• TASK PROMPT: Retype word for word the first line of the listing and each line after it up to the line with "A great way", with the pictures taken out.

RECORDED INFORMATION Start Marker

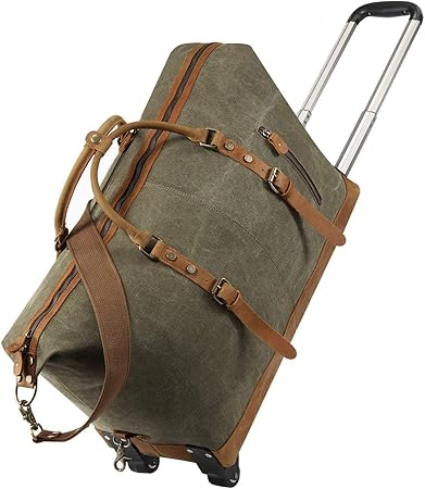 Amazon Com Bolso De Viaje Con Ruedas De Lona Para Equipaje De Piel
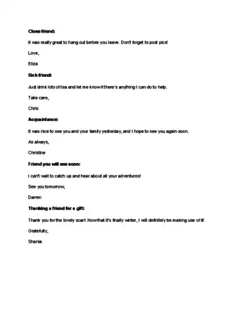 A great way to conclude your letter is to note any details you'd like them to remember or share a positive tidbit about something good that happened to you that you think your friend might be interested in. Have fun, and imagine that you're talking to your friend in person. What would you want to say to them before they leave?
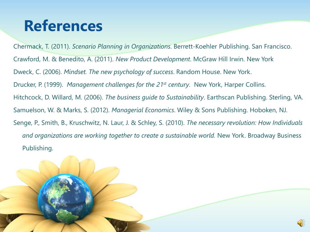References Chermack, T. (2011). Scenario Planning in Organizations. Berrett-Koehler Publishing. San Francisco. Crawford, M. & Benedito, A. (2011). New Product Development. McGraw Hill Irwin. New York Dweck, C. (2006). Mindset. The new psychology of success. Random House. New York. Drucker, P. (1999). Management challenges for the 21st century. New York, Harper Collins. Hitchcock, D. Willard, M. (2006). The business guide to Sustainability. Earthscan Publishing. Sterling, VA. Samuelson, W. & Marks, S. (2012). Managerial Economics. Wiley & Sons Publishing. Hoboken, NJ. Senge, P., Smith, B., Kruschwitz, N. Laur, J. & Schley, S. (2010). The necessary revolution: How Individuals and organizations are working together to create a sustainable world. New York. Broadway Business Publishing.

RECORDED INFORMATION End Marker

• ANSWER TO THIS TASK:
 Amazon Com Bolso De Viaje Con Ruedas De Lona Para Equipaje De Piel
 A great way to conclude your letter is to note any details you'd like them to remember or share a positive tidbit about something good that happened to you that you think your friend might be interested in. Have fun, and imagine that you're talking to your friend in person. What would you want to say to them before they leave?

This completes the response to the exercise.